# Country Comfort Fireplace InsertAlso



## KSm (Feb 10, 2021)

We recently purchased a house that had a fireplace insert, a Country Comfort. We have always had an insert and parents before us. This one is a little confusing. We tried to have a first fire in in a couple of days ago and all we got was smoke. We don't know the model number. I'm sure it is a late 70s or 80s model. and it appears to be in very good shape. We checked the chimney and it and the stove were very clean. The stove appeared to be missing a bit of fire brick on either side of the door, right and left so we added that along with fireplace cement. I hope that was not an intentional hole for drafting purposes. It has a rod above the door that we assume is the damper. We tried pushed in and out and it smokes both ways. I saw on another forum that someone thought their damper had come detached from this rod, but this one has resistance. Is anyone familiar with this stove, its model number or at least which way to push the damper and how to make it draw and not smoke. Also. we are not sure if it has a catalytic converter.


----------



## begreen (Feb 10, 2021)

Welcome. Some pictures will help. Was the installation professionally inspected? If so, does the insert have a liner or is it installed without any physical connection to the flue system of the fireplace?


----------



## KSm (Feb 10, 2021)

begreen said:


> Welcome. Some pictures will help. Was the installation professionally inspected? If so, does the insert have a liner or is it installed without any physical connection to the flue system of the fireplace?

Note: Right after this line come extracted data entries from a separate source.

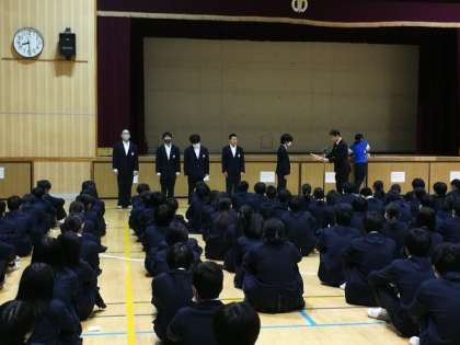 毎週月曜日の朝に、全校集会を行っています。
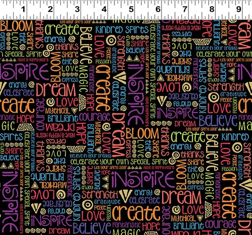 Celestial Magic fabric features uplifting words printed on a black background, bringing positive energy to your quilting projects. This unique fabric combines inspiring messages with a celestial theme, encouraging creativity and joy in every stitch. Ideal for quilts that warm the heart and brighten any space with thoughtful, supportive designs.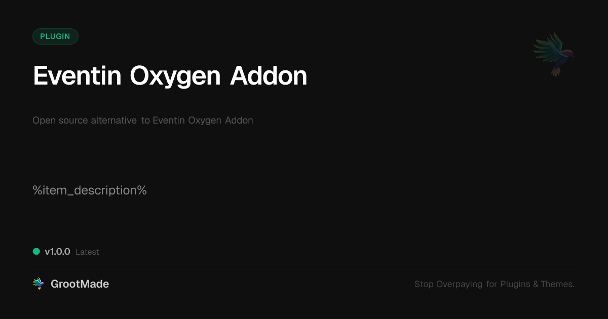 GrootMade is NOT affiliated with Eventin Oxygen Addon or its original author. Eventin Oxygen Addon™ is a trademark of its respective owner and use of it does not imply any endorsement or affiliation. This product has been forked under the GNU General Public License (GPL) and all non-GPL assets (such as proprietary images, fonts, and branding) have been removed. Distributing GPL-licensed code is 100% legal.
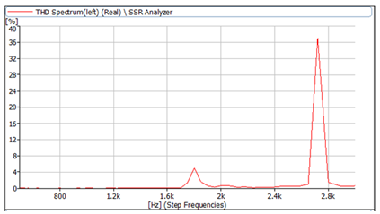 本次諧波失真全部滿足標(biāo)準(zhǔn)要求,但是并非所有滿足標(biāo)準(zhǔn)要求的耳機主觀聽感就好,這是由于標(biāo)準(zhǔn)中允許小于三分一倍頻程的失真峰存在。例如下圖中,雖然諧波失真滿足標(biāo)準(zhǔn)要求,但是失真峰最高達(dá)到了36%,如果音樂頻段集中在這個頻段,主觀聽音效果是非常差的。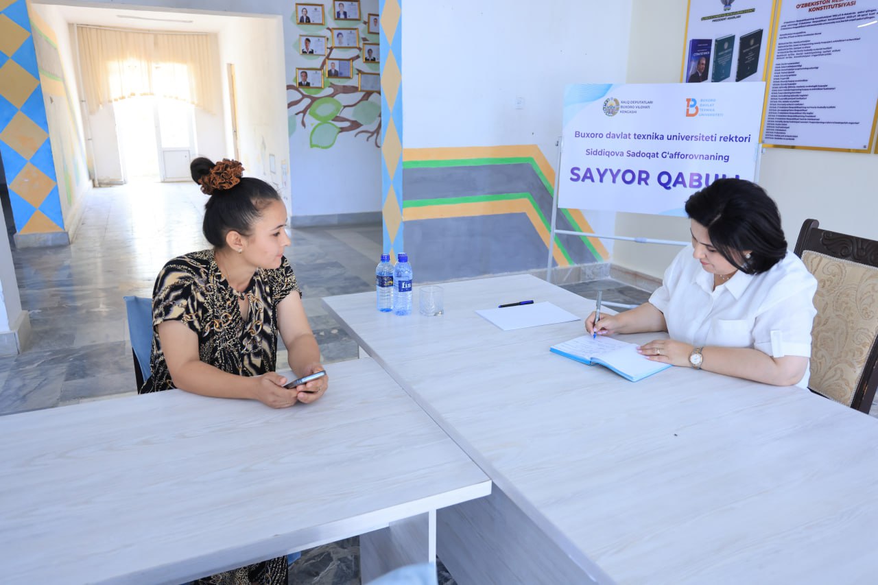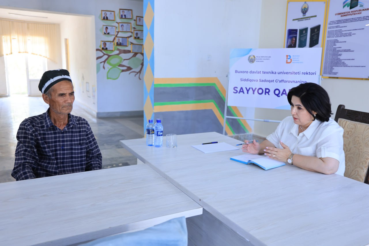 Aholi bilan ochiq va to‘g‘ridan-to‘g‘ri muloqotni yo‘lga qo‘yish, mavjud dolzarb muammolarni aniqlash hamda ularni joyida hal etish maqsadida Buxoro davlat texnika universiteti rektori, Xalq deputatlari Buxoro viloyat Kengashi deputati Sadoqat Siddiqova tomonidan sayyor qabul o‘tkazildi.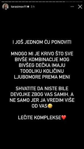 – I još jednom ću ponoviti. Mnogo mi je krivo što sve bivše kombinacije mog bivšeg dečka imaju toliku količinu ljubomore prema meni. Shvatite da niste bile devojke zbog vas samih. A ne samo jer ja vredim više od vas. Lečite komplekse – zaključuje Tara.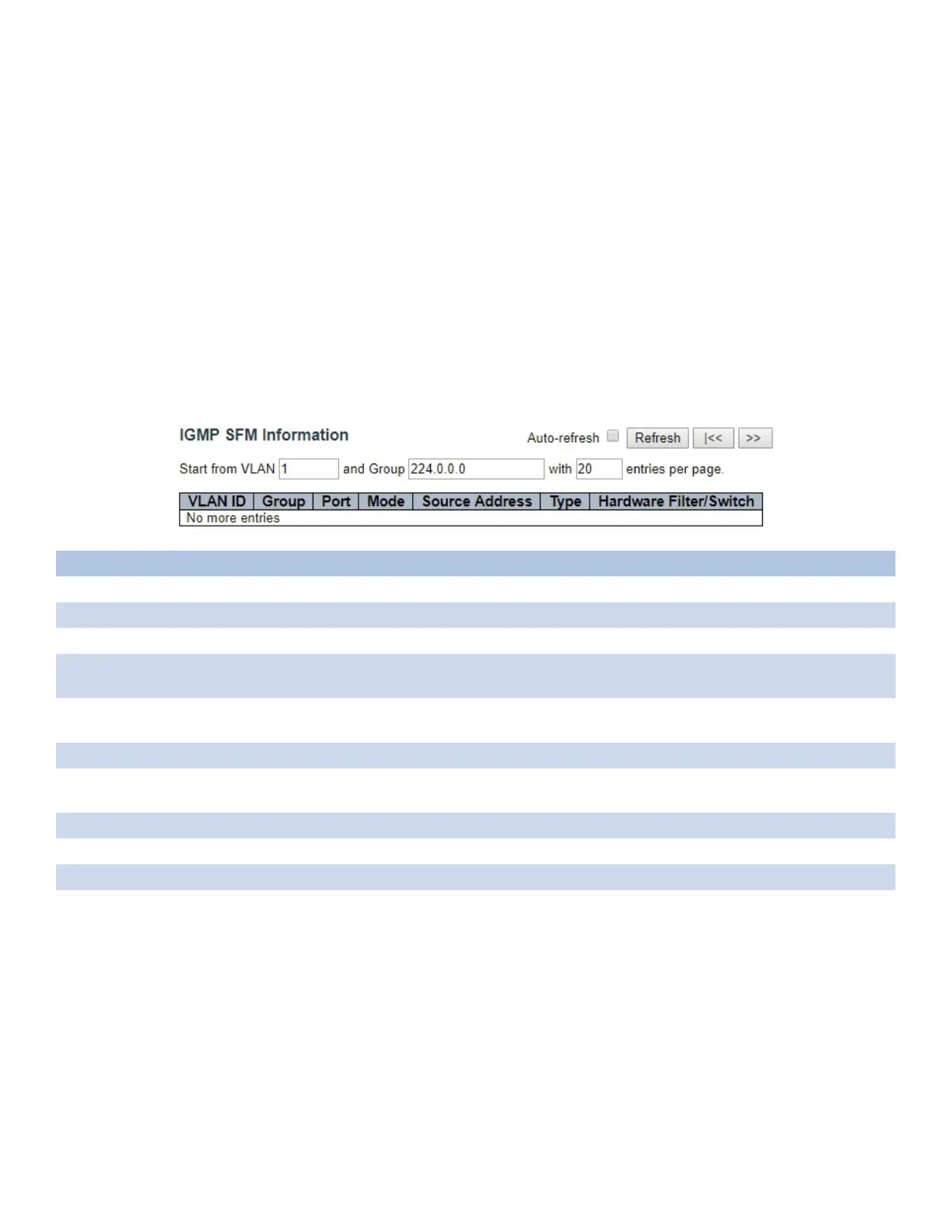 |<< Click to update the table starting from the first entry in the IGMP SFM Information Table.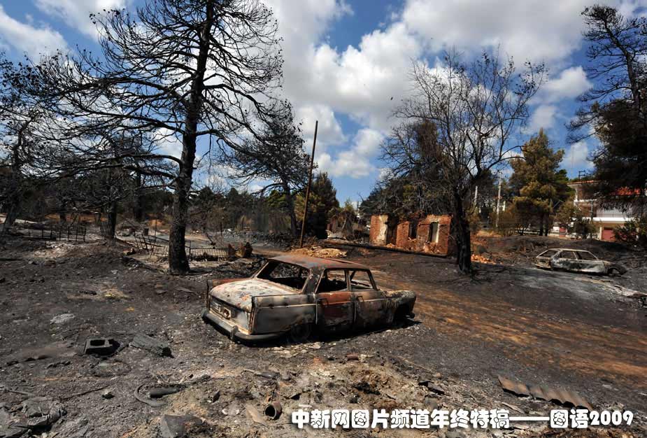 2009年8月25日,遭受山火襲擊的希臘雅典北部一片狼籍。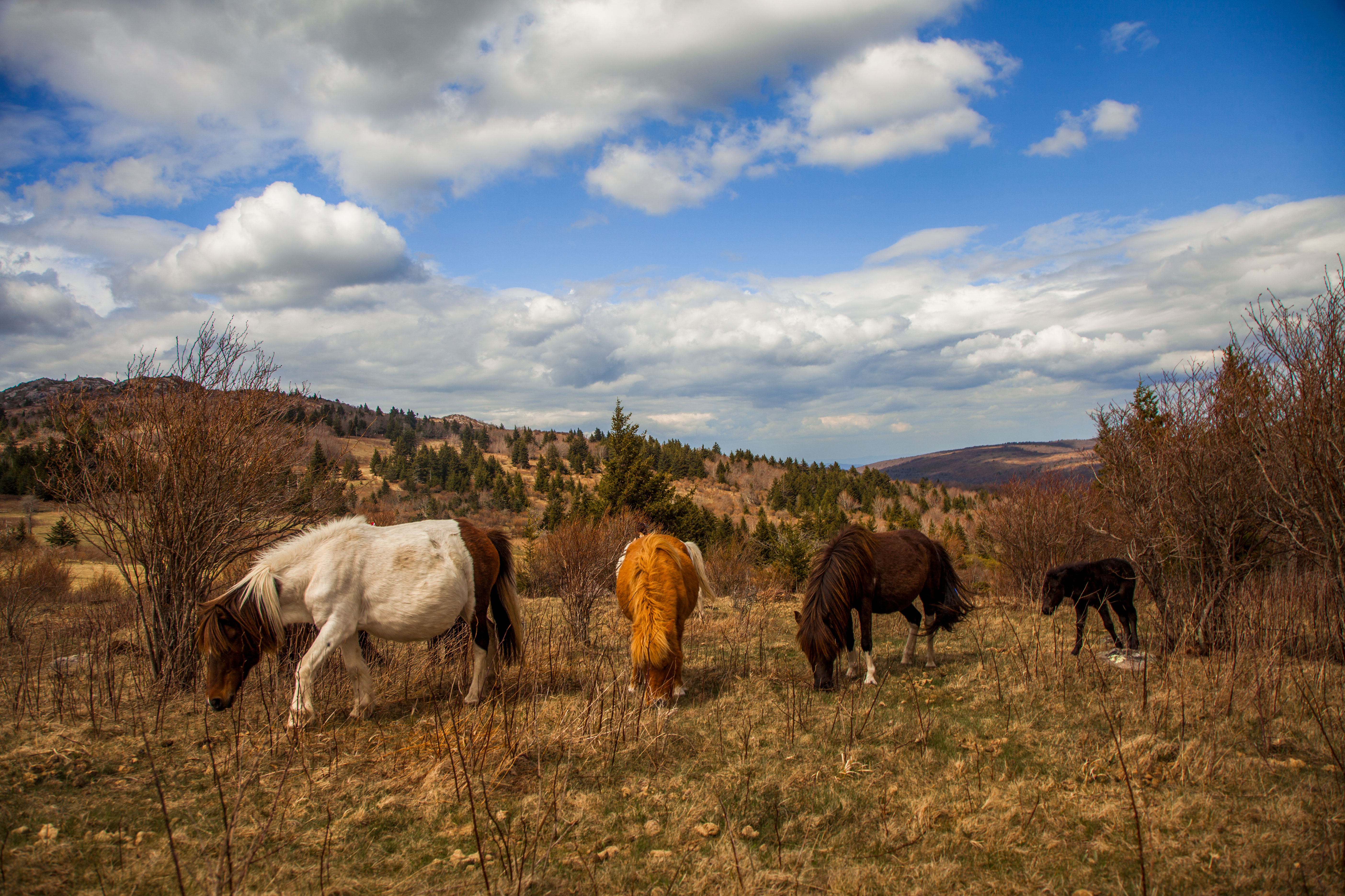 Grayson Highland Ponies Lineup Posted on April 30, 2017April 30, 2017 by Exploring NC The wild ponies of Grayson Highlands graze on a grassy bald, at Grayson Highlands State Park, April 2017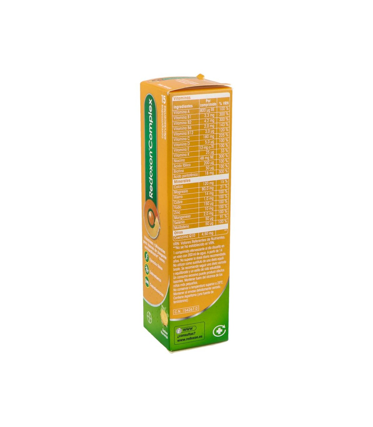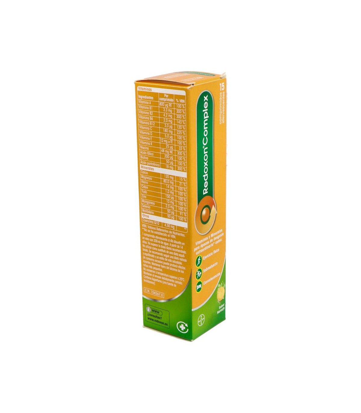 Ejercicio Físico: es recomendable el consumo de vitaminas y minerales para mantener el rendimiento físico. Redoxon® Complex no produce efecto doping. Se recomienda tomar 1 comprimido efervescente al día, preferentemente por la mañana.

I tried to post a photo.. It wouldn't upload.  Possibly too big or ??   I will try again.


----------



## begreen (Feb 10, 2021)

Try to size it to 1000 pixels across or less.


----------



## KSm (Jan 4, 2022)

I finally remembered to check back here since it finally cold again.  I think I will remove a bit of the fire brick and cement I installed.


----------



## MDM (Jan 9, 2022)

My grandparents have a version of that insert with smaller rectangle windows across the front. It’s about as old as me, I think they got it right before I was born… There is a baffle plate in the top that has holes in the middle of it for secondary burn air and insulation board on the top of it. Growing up I remember helping him pull out the plate to clean it and all around the top of the stove to get the soot buildup off, he would replace the insulation if needed as well. It wasn’t hard to do, I think only one bolt up in the middle held it in. Not keeping it clean and not sweeping the liner out would make smoke spill out of the box when opening the doors. He would sweep the liner out with the plate out otherwise the soot would fall on top of the plate. I think pulling the damper lever out should always open the damper up to the flue. I think their stove is still in their house being used by my uncle, 37 years later. If yours is catalytic, I would think that the combustor will be found up by or under that plate. But seems unlikely to me that yours would be catalytic being that old of a stove. I am not sure when catalytic stoves came about. With the damper open the smoke should “bypass” the combustor and go straight up the flue. You’ll want to run the stove that way(damper open) until it gets completely hot then you will shut the damper completely to force the smoke and heat through the catalytic element. Which then should glow and get very very hot! Also most catalytic stoves will have a small hole by the damper rod to put a thermometer in to monitor the catalyst temp. If the hole has never been used then it will have a little metal plug in it you’ll have to pop out. My high valley insert has two catalytic elements each with their own hole for a thermometer…. The thermometer will have to be purchased, it will have a long rod that slides into the opening and goes above the catalyst. Mine “take off” around 400-600 degrees and burn at around 1200-1600 degrees each 😳! 
If you find out yours is a catalytic stove then I suggest looking up and reading about how they operate.


----------